Aim of the task → Starting at the first line of the material below and stopping after the line that includes "j-AIme.fr révolutionne la", write the lines out again exactly. Drop any pictures.
**** Supplied data
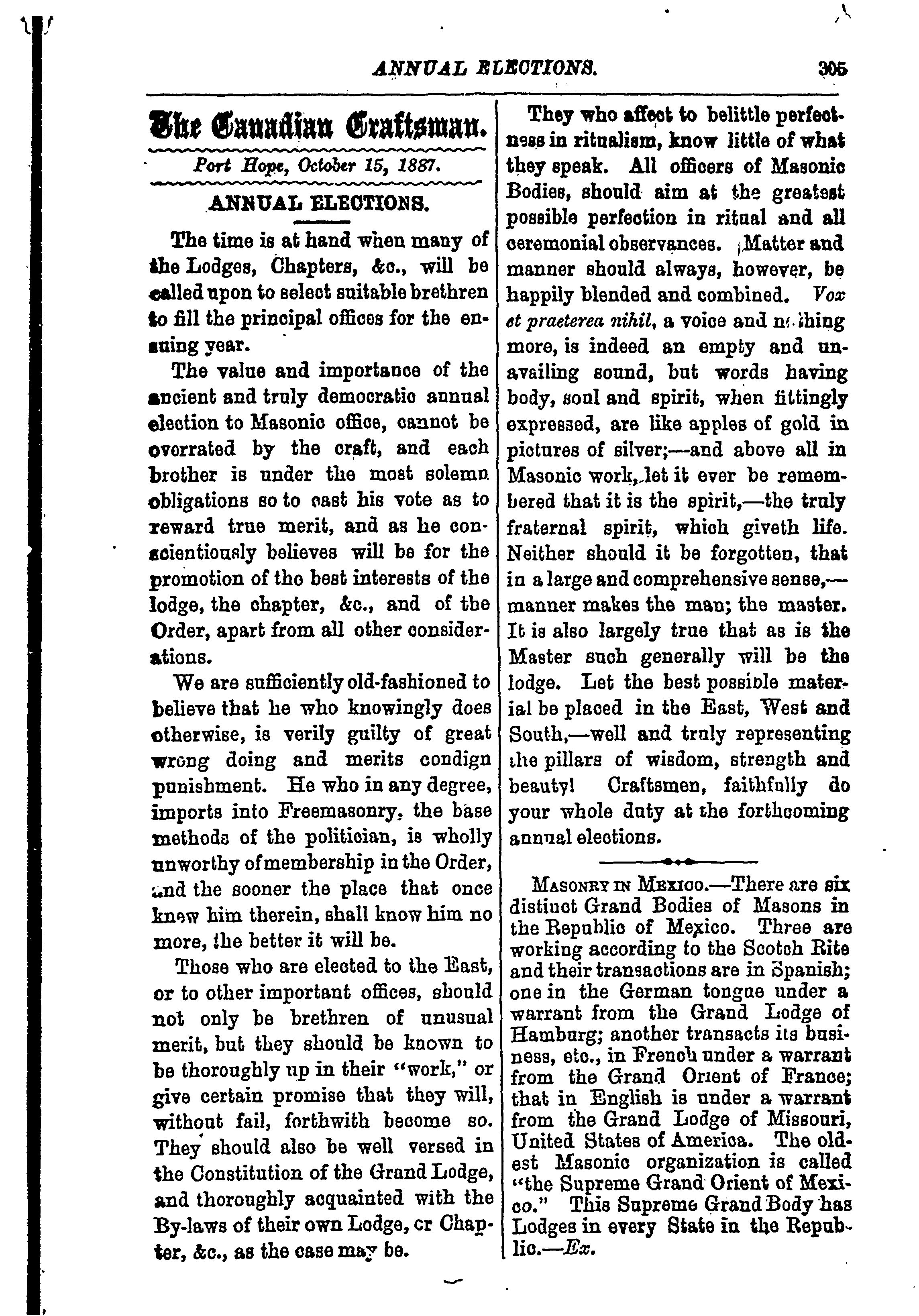 The Canadian craftsman and Masonic record : Vol. 21, no. 10 (Oct. 15, 1887)
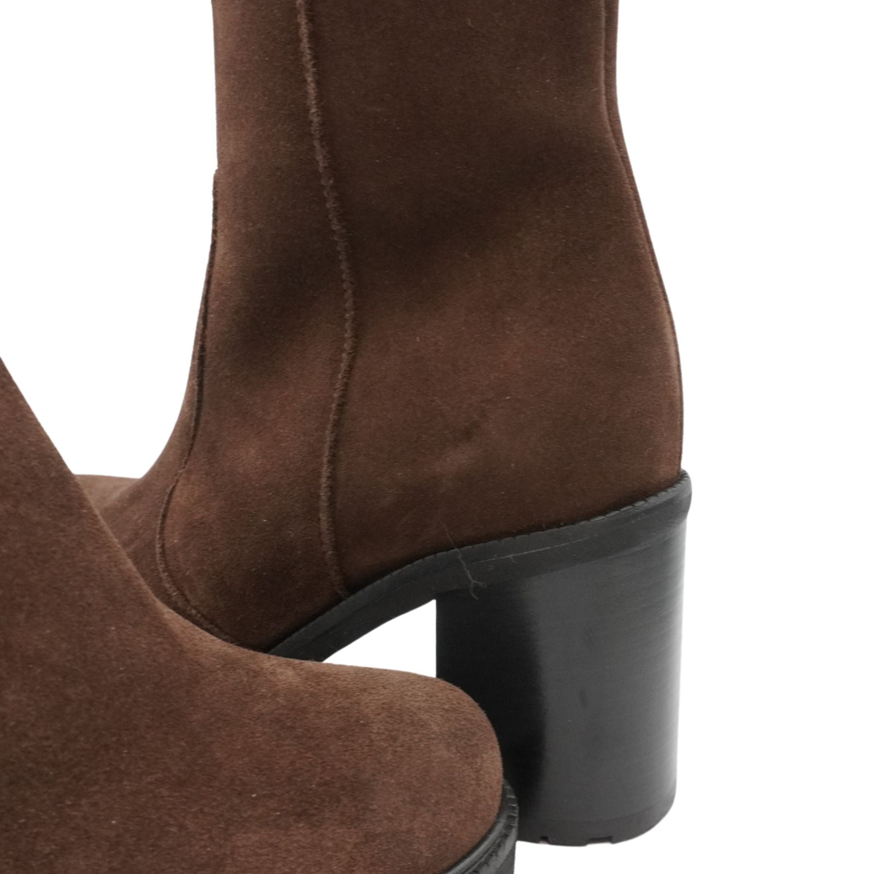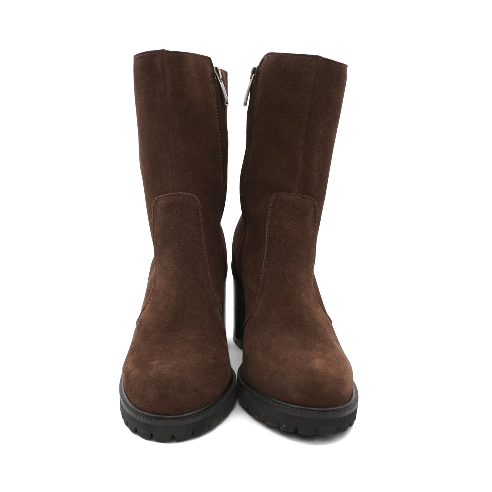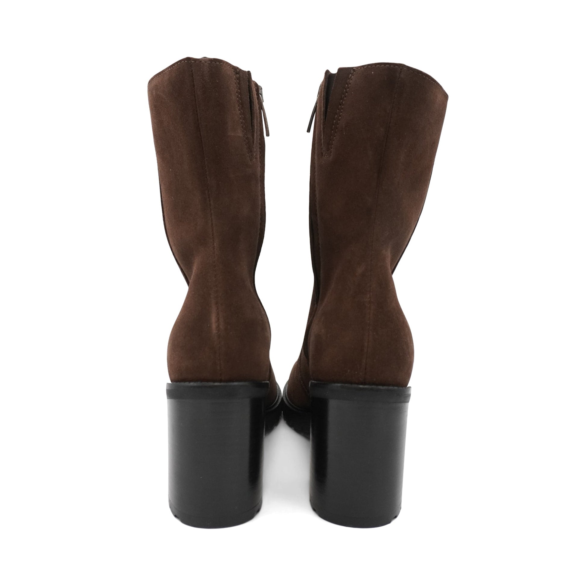 La Canadienne 'Peppa' boots in brown suede with an inner zip opening in gunmetal hardware, a black stacked heel, and an almond toe.
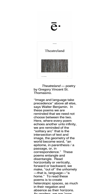 99%eratio publishes poetry in the postmodern idioms with an emphasis on the intransitive. eratio is edited by gregory vincent st. thomasino.
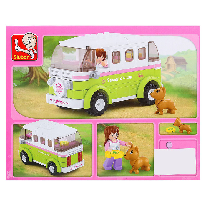 С набором торговой марки Sluban малышка сконструирует комфортабельный микроавтобус и отправится в захватывающее путешествие по стране. Девочка возьмёт с собой озорную собачку, она будет тренировать пёсика на природе, метать ему диск и учить командам.
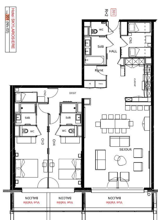 Innerhalb der Residenz können Sie Ihren Tag auch mit einem Moment der Entspannung im Sky Spa ausklingen lassen! Fläche von ungefähr 272 m². 3te Etage. Niveau 0 : Wohnzimmer. Schlafzimmer mit 2 Einzelbetten (90*200). Schlafzimmer mit Balkon, Doppelbett (160*200), , WC. Schlafzimmer mit Balkon, 2 Einzelbetten (90*200). Küche mit Bar, Kaffeemaschine (Nespresso et filtre), , Backofen, Geschirrspülmaschine, Mikrowellenherd, 2 Glaskeramikkochfelder, Kühl-Gefrier-Kombination. Badezimmer mit WC. separates WC. Balkon. Keller. Niveau 1 : Schlafzimmer mit 3 Einzelbetten (90*200), , WC. 2 Schlafzimmer mit Balkon, Doppelbett (160*200), , WC. 2 Schlafzimmer mit Balkon, 2 Einzelbetten (90*200). Schlafzimmer mit 2 Einzelbetten (90*200). offener Schlafbereich mit 2 Stockbetten (80*190). 2 duschräume mit WC. Niveau 2 : Badezimmer mit WC. mit 5 Einzelbetten (90*200). Die oberen Betten sind nicht für Kinder unter 6 Jahren geeignet.
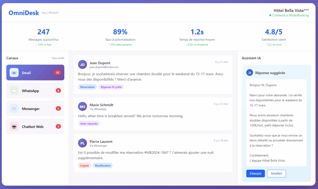 j-AIme.fr révolutionne la gestion de la relation client dans l’hôtellerie avec OmniDesk, une solution d’automatisation intelligente des communications clients propulsée par l’IA.
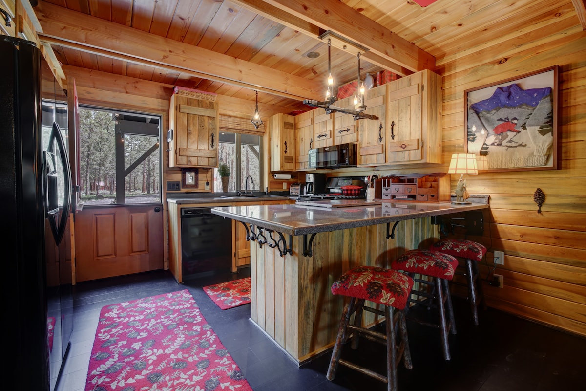 Acogedora cabaña de estilo alpino situada en un barrio tranquilo entre los pinos, a pocos pasos del río Deschutes. La cabaña Black Duck es un destino perfecto para todas las increíbles actividades de Oregón Central. A 10 minutos en coche de Sunriver Village, a 30 minutos en coche del monte Bachelor, a 30 minutos del centro de Bend, a 10 minutos a pie del río Deschutes, golf, pesca, senderismo, compras, ciclismo de montaña, todo a poca distancia en coche. Si buscas una experiencia rústica en una cabaña, ¡este es tu lugar ideal!
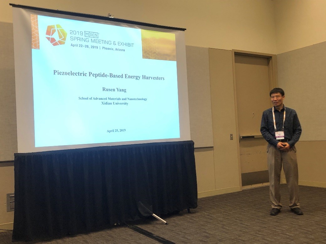 当地时间4月22日,材料科学领域顶级国际学术会议——美国材料研究学会(Materials Research Society)2019年度春季会议在美国菲尼克斯召开,杨如森应邀在大会上作了题为“Piezoelectric Peptide-Based Energy Harvesters”的特邀报告。报告会上,杨如森利用本次珍贵的展示机会,向与会人员介绍了学院师资队伍、学科建设、科学研究、实验平台等发展现状,宣传多层次的引才政策,向参会代表伸出了橄榄枝。在会议期间,还通过设立学院相关介绍的展台等多种方式展示a片动画
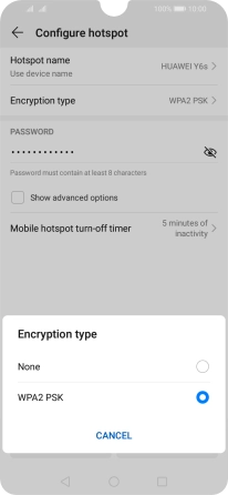Press WPA2 PSK to password protect your Wi-Fi hotspot.
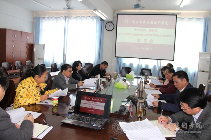 近日,中共中央、國務院印發了《關于加強和改進新形勢下高校思想政治工作的意見》,3月2日上午,我院于校本部教學樓召開《關于加強和改進新形勢下高校思想政治工作的意見》(以下簡稱《意見》)學習會。學院黨委副書記、紀委書記蒙啟成同志出席并主持學習會。學院辦公室、組織部、工會、宣傳部、教務處、學工部、團委、社科部的相關負責同志參加會議。
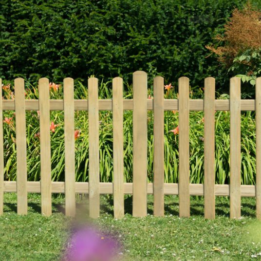 Each panel features vertical pales with a decorative grooved profile, fixed securely to two horizontal backing rails for strength and stability. Made from pressure treated timber, the panels are designed to withstand the elements and come with a 15-year anti-rot guarantee. The natural timber finish looks great as it is or can be painted or stained to suit your garden style. Manufactured by Forest Garden, these panels balance durability with timeless appeal.
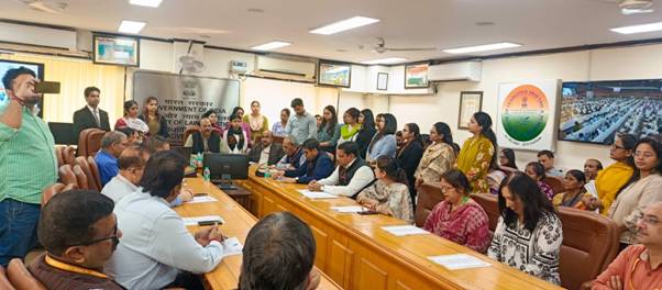 The occasion marked the formal commencement of the Vande Mataram Commemorative Year 2025–26, celebrating 150 years of the national song “Vande Mataram”. The Vande Mataram was sung by the senior officers and staff of the Legislative Department including attached offices i.e. Official Language Wing (OLW) and Vidhi Sahitya Prakashan (VSP) who participated in the event with great enthusiasm and patriotic fervour.
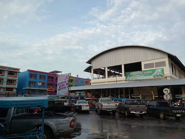 香港飞甲米,到甲米后是早晨的4:30,这一时间段班机的客流量很大,有很多旅行团也是落地签的,需要排队比较长时间。由于出发前办签证时间来不及了,所以是落地签,我在出发前就打印好了泰国落地签的申请表并且填好贴好照片,到甲米机场落地签那里直接给1200B一人,不到一分钟就办好了。所以大家去之前如果是落地签可以准备一些办理落地签的泰铢,每人1200B,其它愿意多带些可以带些人民币,入境后大厅里直接有货币兑换的,是5.13,比取款机普遍的5.06以及后面所有城市的货币兑换都高。由于到了甲米后,早晨行程是早市,所以提前在网上预订的接机,90人民币,直接送到甲米早市,到了目的地后可以给个20-100B小费。甲米早市的正确名字是叫:MAHARAJ MAKET。如果怕司机找不到,可以在手机里保存一下我下面的图片,都懂的。
********
Reply →
 The Canadian craftsman and Masonic record : Vol. 21, no. 10 (Oct. 15, 1887)
 La Canadienne 'Peppa' boots in brown suede with an inner zip opening in gunmetal hardware, a black stacked heel, and an almond toe.
 99%eratio publishes poetry in the postmodern idioms with an emphasis on the intransitive. eratio is edited by gregory vincent st. thomasino.
 С набором торговой марки Sluban малышка сконструирует комфортабельный микроавтобус и отправится в захватывающее путешествие по стране. Девочка возьмёт с собой озорную собачку, она будет тренировать пёсика на природе, метать ему диск и учить командам.
 Innerhalb der Residenz können Sie Ihren Tag auch mit einem Moment der Entspannung im Sky Spa ausklingen lassen! Fläche von ungefähr 272 m². 3te Etage. Niveau 0 : Wohnzimmer. Schlafzimmer mit 2 Einzelbetten (90*200). Schlafzimmer mit Balkon, Doppelbett (160*200), , WC. Schlafzimmer mit Balkon, 2 Einzelbetten (90*200). Küche mit Bar, Kaffeemaschine (Nespresso et filtre), , Backofen, Geschirrspülmaschine, Mikrowellenherd, 2 Glaskeramikkochfelder, Kühl-Gefrier-Kombination. Badezimmer mit WC. separates WC. Balkon. Keller. Niveau 1 : Schlafzimmer mit 3 Einzelbetten (90*200), , WC. 2 Schlafzimmer mit Balkon, Doppelbett (160*200), , WC. 2 Schlafzimmer mit Balkon, 2 Einzelbetten (90*200). Schlafzimmer mit 2 Einzelbetten (90*200). offener Schlafbereich mit 2 Stockbetten (80*190). 2 duschräume mit WC. Niveau 2 : Badezimmer mit WC. mit 5 Einzelbetten (90*200). Die oberen Betten sind nicht für Kinder unter 6 Jahren geeignet.
 j-AIme.fr révolutionne la gestion de la relation client dans l’hôtellerie avec OmniDesk, une solution d’automatisation intelligente des communications clients propulsée par l’IA.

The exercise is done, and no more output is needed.